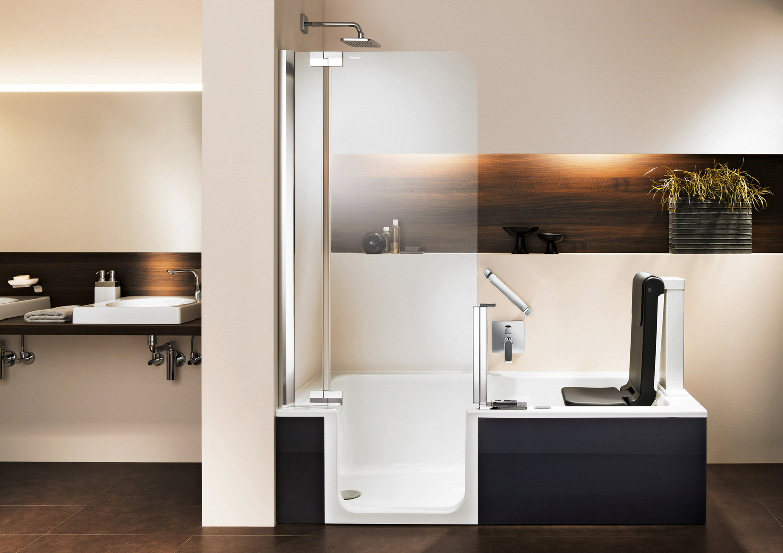 This shower bathtub with integrated door and lift seat helps overcome barriers while getting into the bath. The comfortable lift seat makes the difficult process of sitting down and the even more strenuous task of standing up easier. The low height of the seat allows users to almost sit on the base of the bath. An anti-slip surface, maximum surface area, as well as the rounded edges of the seat and backrest make the seat comfortable and pleasant to touch. If not needed, the seat can be folded up and used as a compact backrest.
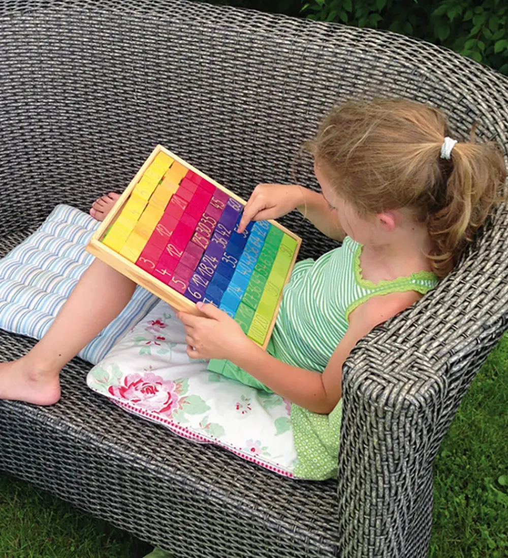 Grimms trælegetøjet er perfekt til de små, som stadig er ved at øve matematikken. 110 af brikkerne har tabellerne 1-11 og de resterende 90 har primtallene, 200/300/400/500, tilfældige tal mellem 26-98 og matematiske tegn. Tællebrættet kan bruges fra en ung alder og mange år frem, da man altid kan øve sig og spille forskellige sjove, lærerige spil.
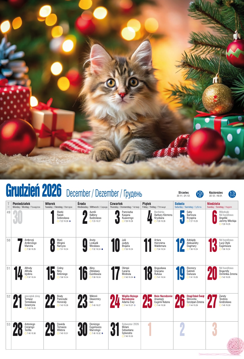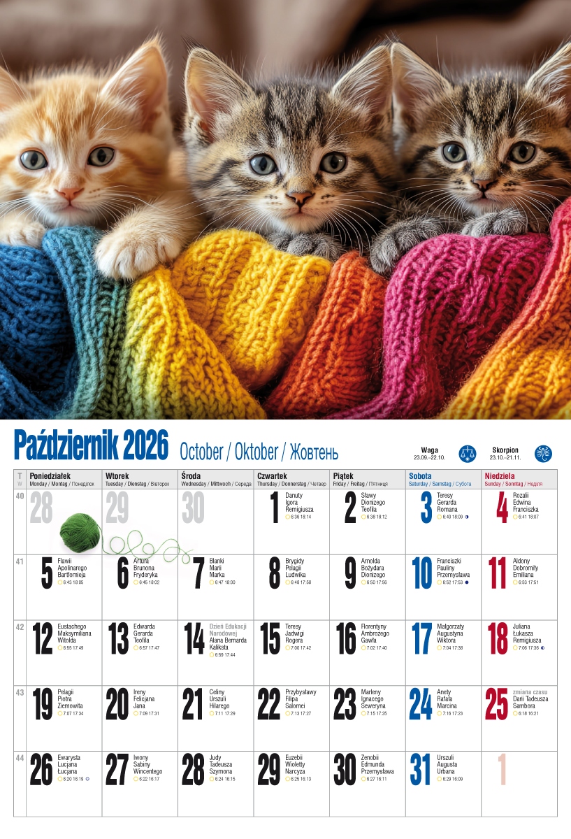Оплачивая «Календарь 2026 ПАРТА волна 47x32см Коти Котки», вы можете быть уверены, что данный товар из каталога «Настенные календари» будет доставлен из Польши и проверен на целостность. В цене товара, указанной на сайте, учтена доставка из Польши. Внимание!!! Товары для Евросоюза, согласно законодательству стран Евросоюза, могут отличаться упаковкой или наполнением.
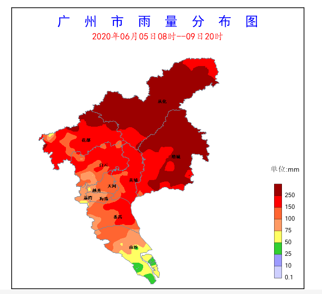 累積雨量大:5日08時(shí)至9日20時(shí),增城、從化和花都分別錄得各區(qū)過(guò)程最大累積降水量689.3毫米(增城正果)、477.1毫米(從化鰲頭)和461.3毫米(花都梯面)。其中增城正果過(guò)程最大累積降水量為2005年以來(lái)第一大值(第二大值為2013年8月13-17日從化呂田的688.4毫米)。全市364個(gè)站出現(xiàn)降水(占比100%),其中350個(gè)站(占比96.1%)出現(xiàn)50毫米以上累積降水,274個(gè)站(占比75.2%)出現(xiàn)100毫米以上累積降水,74個(gè)站(占比20.3%)出現(xiàn)250毫米以上累積降水。全市平均累積面雨量為177.2毫米,各區(qū)過(guò)程累積面雨量:從化區(qū)337.7毫米、增城區(qū)322.3毫米、花都區(qū)199.2毫米、黃埔區(qū)166.8毫米、番禺區(qū)139.0毫米、白云區(qū)145.8毫米、南沙區(qū)82.0毫米、海珠區(qū)83.3毫米、荔灣區(qū)83.9毫米、天河區(qū)81.5毫米、越秀區(qū)69.4毫米。
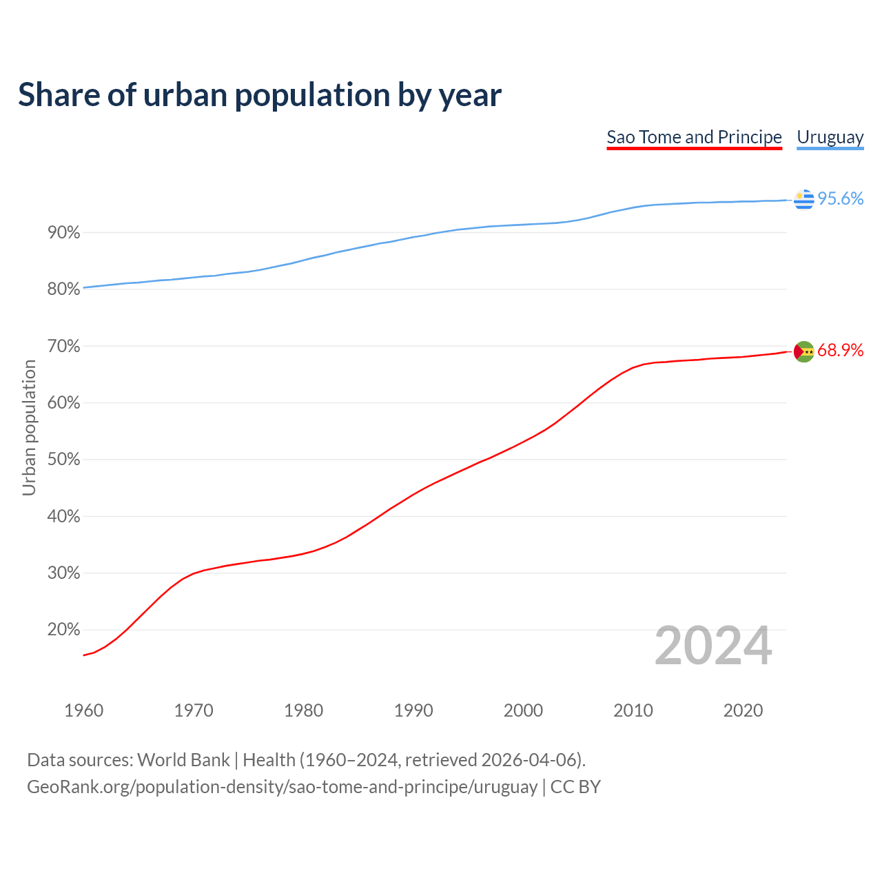 From 2004 to 2024, the share of urban population changed from 57.9% to 68.9% in Sao Tome and Principe and from 91.8% to 95.6% in Uruguay.
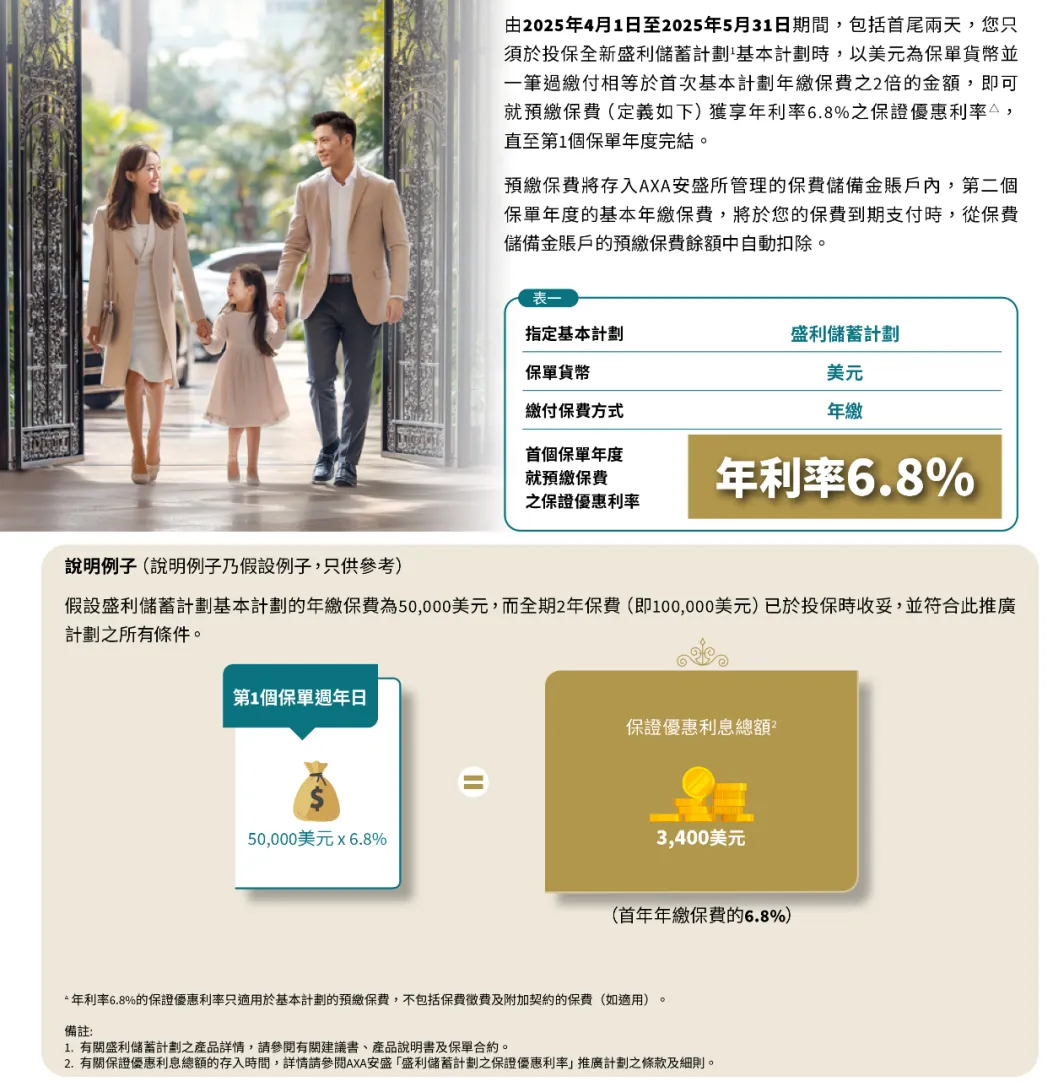 ▲ 投保USD8万及以上可享预缴保证利息4.8%
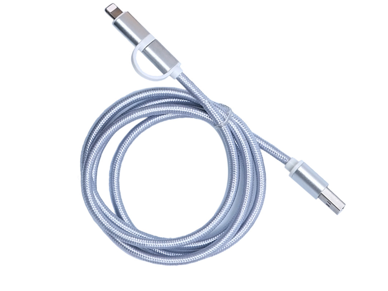Cablu textil 2 în 1 microUSB/iPhone – argintiu
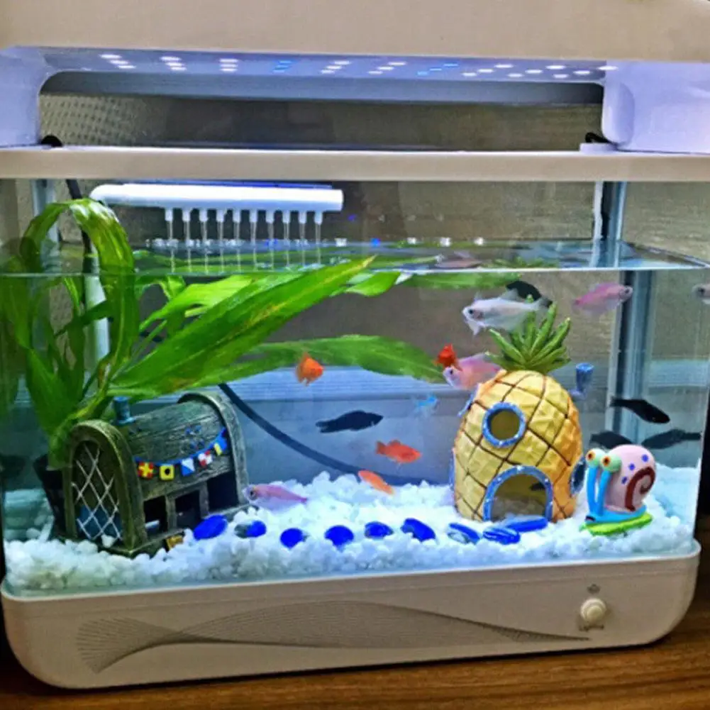 Этот дом в форме ананаса имеет отверстия для рыб, чтобы плавать и исследоватьУкрасьте свой аквариум все время с минимальным обслуживанием
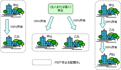 グループ法人税制の適用を受けるグループとは、100%グループすなわち完全支配関係を有するグループの法人です。
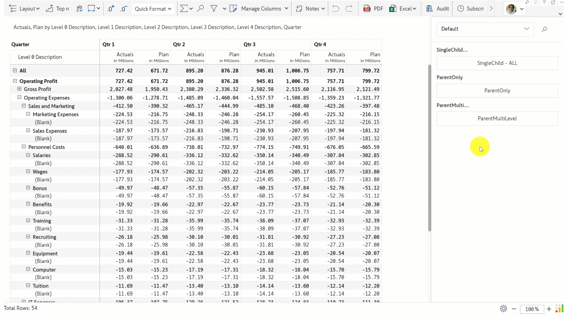Use SINGLECHILD options to select which nodes to display when a parent hierarchy has only one child. [Learn more about single-child options for hierarchies.](https://docs.inforiver.com/premium-table/display-settings/hierarchy-settings#id-4.2.-single-child)
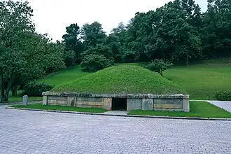 It is not known who the tomb belongs to.[1][2] The tomb is the only square-shaped tomb in Gyeongju.[1] It is located below the ground, and has a tumulus over it. It is 9.5 m (31 ft) on each side and 3 m (9.8 ft) high. It has statues of animals of the zodiac surrounding it. The tomb was first excavated in 1920. By that point, the tomb had already been robbed. However, gilt-bronze crown ornaments, a silver belt buckle, and other precious items were recovered. The tomb had maintenance work performed on it in 1964.[2]
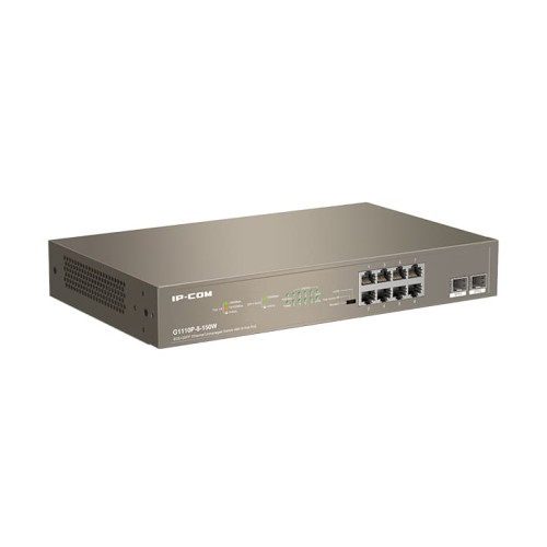 PoE-коммутатор IP-COM G1110P-8-150W оборудован десятью гигабитными портами: восемью RJ-45 с PoE и двумя SFP.
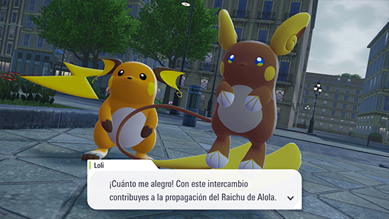 Tras derrotarla en combate, Loli te ofrece intercambiar su Raichu de Alola por un Raichu.
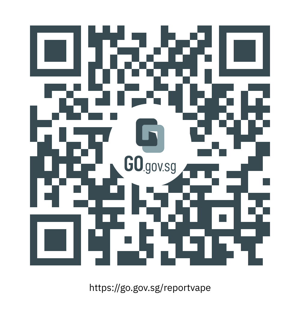 - Submit information through our online reporting form: www.go.gov.sg/reportvape or scan the QR code:

### Work instructions
Repeat the material above exactly; pictures do not belong in the copy.

### Written response
 This shower bathtub with integrated door and lift seat helps overcome barriers while getting into the bath. The comfortable lift seat makes the difficult process of sitting down and the even more strenuous task of standing up easier. The low height of the seat allows users to almost sit on the base of the bath. An anti-slip surface, maximum surface area, as well as the rounded edges of the seat and backrest make the seat comfortable and pleasant to touch. If not needed, the seat can be folded up and used as a compact backrest.
 Grimms trælegetøjet er perfekt til de små, som stadig er ved at øve matematikken. 110 af brikkerne har tabellerne 1-11 og de resterende 90 har primtallene, 200/300/400/500, tilfældige tal mellem 26-98 og matematiske tegn. Tællebrættet kan bruges fra en ung alder og mange år frem, da man altid kan øve sig og spille forskellige sjove, lærerige spil.
Оплачивая «Календарь 2026 ПАРТА волна 47x32см Коти Котки», вы можете быть уверены, что данный товар из каталога «Настенные календари» будет доставлен из Польши и проверен на целостность. В цене товара, указанной на сайте, учтена доставка из Польши. Внимание!!! Товары для Евросоюза, согласно законодательству стран Евросоюза, могут отличаться упаковкой или наполнением.
 累積雨量大:5日08時(shí)至9日20時(shí),增城、從化和花都分別錄得各區(qū)過(guò)程最大累積降水量689.3毫米(增城正果)、477.1毫米(從化鰲頭)和461.3毫米(花都梯面)。其中增城正果過(guò)程最大累積降水量為2005年以來(lái)第一大值(第二大值為2013年8月13-17日從化呂田的688.4毫米)。全市364個(gè)站出現(xiàn)降水(占比100%),其中350個(gè)站(占比96.1%)出現(xiàn)50毫米以上累積降水,274個(gè)站(占比75.2%)出現(xiàn)100毫米以上累積降水,74個(gè)站(占比20.3%)出現(xiàn)250毫米以上累積降水。全市平均累積面雨量為177.2毫米,各區(qū)過(guò)程累積面雨量:從化區(qū)337.7毫米、增城區(qū)322.3毫米、花都區(qū)199.2毫米、黃埔區(qū)166.8毫米、番禺區(qū)139.0毫米、白云區(qū)145.8毫米、南沙區(qū)82.0毫米、海珠區(qū)83.3毫米、荔灣區(qū)83.9毫米、天河區(qū)81.5毫米、越秀區(qū)69.4毫米。
 From 2004 to 2024, the share of urban population changed from 57.9% to 68.9% in Sao Tome and Principe and from 91.8% to 95.6% in Uruguay.
 ▲ 投保USD8万及以上可享预缴保证利息4.8%
Cablu textil 2 în 1 microUSB/iPhone – argintiu
 Этот дом в форме ананаса имеет отверстия для рыб, чтобы плавать и исследоватьУкрасьте свой аквариум все время с минимальным обслуживанием
 グループ法人税制の適用を受けるグループとは、100%グループすなわち完全支配関係を有するグループの法人です。
Use SINGLECHILD options to select which nodes to display when a parent hierarchy has only one child. [Learn more about single-child options for hierarchies.](https://docs.inforiver.com/premium-table/display-settings/hierarchy-settings#id-4.2.-single-child)
 It is not known who the tomb belongs to.[1][2] The tomb is the only square-shaped tomb in Gyeongju.[1] It is located below the ground, and has a tumulus over it. It is 9.5 m (31 ft) on each side and 3 m (9.8 ft) high. It has statues of animals of the zodiac surrounding it. The tomb was first excavated in 1920. By that point, the tomb had already been robbed. However, gilt-bronze crown ornaments, a silver belt buckle, and other precious items were recovered. The tomb had maintenance work performed on it in 1964.[2]
 PoE-коммутатор IP-COM G1110P-8-150W оборудован десятью гигабитными портами: восемью RJ-45 с PoE и двумя SFP.
 Tras derrotarla en combate, Loli te ofrece intercambiar su Raichu de Alola por un Raichu.
 - Submit information through our online reporting form: www.go.gov.sg/reportvape or scan the QR code:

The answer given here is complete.